In 2019, the 10 states with the least competitive health insurance markets were Alabama, Hawaii, Michigan, Delaware, South Carolina, Kentucky, Alaska, Louisiana, Illinois and North Carolina, the report noted. These 10 states bring us to the second reason the CBO report is important. In any one of those states, the legislatures could move to develop a public option, as Connecticut did last year. What happened in Connecticut is instructive because any proposal to develop a public option would generate stiff opposition from health insurers that already operate in the individual market.

In Connecticut last year, state officials proposed a public option to compete with commercial health insurers, as Shefali Luthra wrote for Kaiser Health News. Her article carried this headline, “Insurers Sank Connecticut’s ‘Public Option.’ Would A National Version Survive?” Luthra has since moved on to write for The 19th News, an independent nonprofit.

Members of the Connecticut legislature proposed a public health insurance option that state officials would manage because health insurance and coverage costs were becoming unaffordable, Luthra wrote. The public option would serve as a low-cost alternative for those who couldn’t afford to buy health coverage from commercial health insurers, she added.

“Immediately, an aggressive industry mobilized to kill the idea. Despite months of lobbying, debate and organizing, the proposal was dead on arrival,” she explained.

All this serves as a preamble to the CBO report itself. At the website Benefits Pro, Allison Bell reported that the CBO researchers outlined the choices policymakers could consider when designing a public option, and how those choices could affect the health insurance market.

If the public-option plan has significant competitive advantages, for example, those advantages could make it difficult for private insurers to remain profitable, the report noted. Therefore, health insurers would surely fight any public option, in part because the nation’s largest health insurers are publicly traded companies. That means they focus closely on how much profit they report each quarter to Wall Street investors.

If any public-option health plan is not required to meet the benefit mandates that states require, or if the plan pays hospitals and physicians Medicare rates that, as we reported in September, are much lower than what commercial health insurers pay, then competing commercial health plans may struggle. They could have trouble retaining enough market share and keep their premiums high enough to justify staying in the markets where they currently participate, the report indicated. In other words, a public-option health plan could drive commercial insurers out of a particular market.

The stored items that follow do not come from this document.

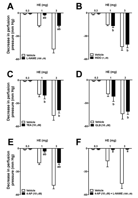 Effects of hydroalcoholic extract (HE) on the vascular tone of mesenteric vascular beds (MVBs) on the presence and absence of L-NAME (100 μM) (A), indomethacin (1 μM) (B), TEA (10 μM) (C), glibenclamide (10 μM) (D), 4-AP (10 μM) (E), and 4-AP (10 μM) + L-NAME (100 μM) (F). MVBs were perfused with PSS containing Phe (3 μM), and the vasorelaxant effect of HE was evaluated in the absence and presence of inhibitors. Results show the mean ± standard error of the mean of 4 or 5 preparations. The letter a indicates p < 0.05 compared to the respective control group (without inhibitor). The letter b indicates p < 0.05 compared to the previous dose (in the presence of an inhibitor). Statistical analysis was performed using one-way ANOVA followed by Dunnett’s test.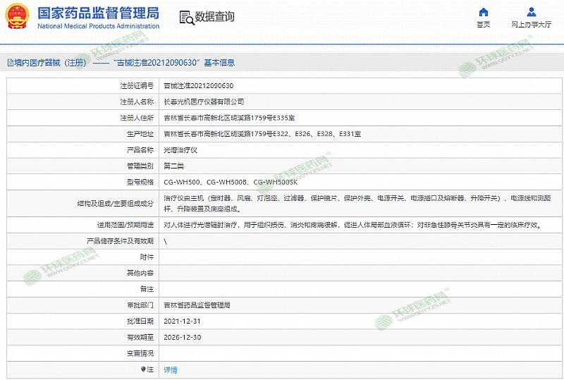 | 主要成分 | 治疗仪由主机(定时器、风扇、灯泡座、过滤器、保护镜片、保护外壳、电源开关、电源插口及熔断器、升降开关)、电源线和测距杆、升降装置及底座组成。 |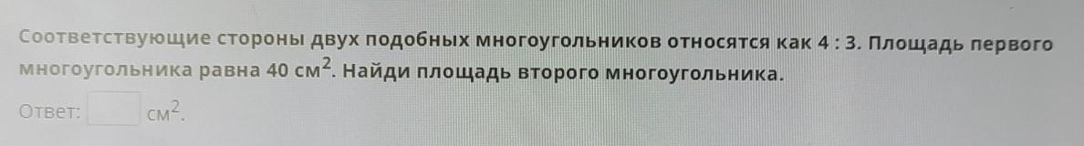 Площади подобных многоугольников относятся как квадраты сходственных сторон.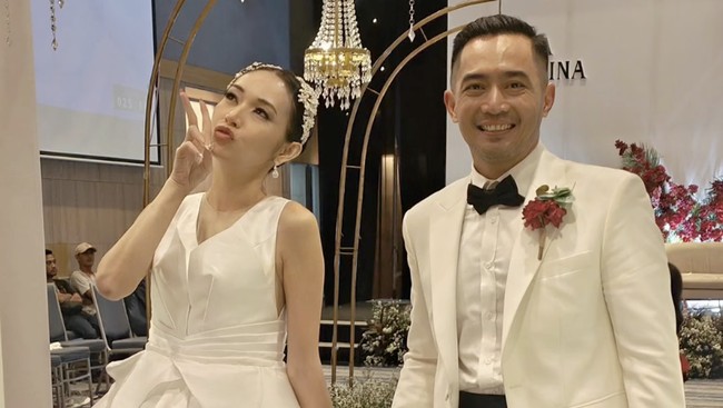 Acara pemberkatan dan pernikahan digelar hampir menjelang malam hari. Pemberkatan dan resepsi pernikahan intimate itu digelar di salah satu hotel kawasan Cilandak, Jakarta Selatan.

The report describes the key factors for those designing a public-option plan and some implications of those factors, Bell reported. She explained that some of those key factors are:

  • How the public option is funded
  • How and whether the public option conforms to state health insurance regulations
  • How well the benefits and prices of the public option conform to the benefits and prices in the market
  • How the public option recruits and pays hospitals, physicians and other providers.

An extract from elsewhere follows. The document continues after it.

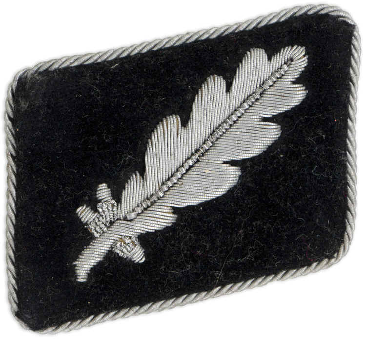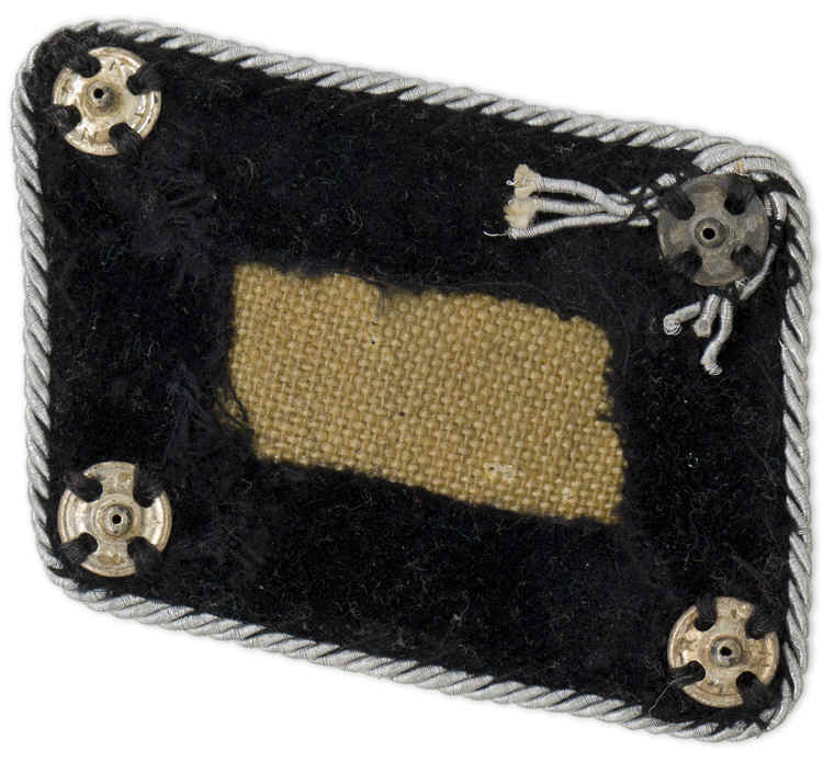 PHYSICAL DESCRIPTION: Second pattern, (circa 1942 1945), black velvet construction SS Standartenführer collar tab features a hand embroidered oak leaf with three small acorns to each in bright silver/aluminum wire threads with bright twisted, silver/aluminum cord piping. The collar tabs is mounted on tan buckram base. Removable type for the summer tunic.

1 thought on “Report discusses how ‘public option’ may put pressure on commercial health plans

  1. Avatar photoDan Keller

    “Freemarketers” should be all in favor of a public option if in fact they are true freemarketers. Isn’t that what competition is all about — the best product or service winning out in the marketplace? If a public option serves people better in terms of cost, access, services, etc. compared to private for-profit insurers, then it should prevail in the marketplace. If private insurance is better overall, then it should prevail. For some things, the private sector is the better deal, and for others, governments at various levels can provide a better service. Don’t we all just want the best value for our money, as individuals and as a society?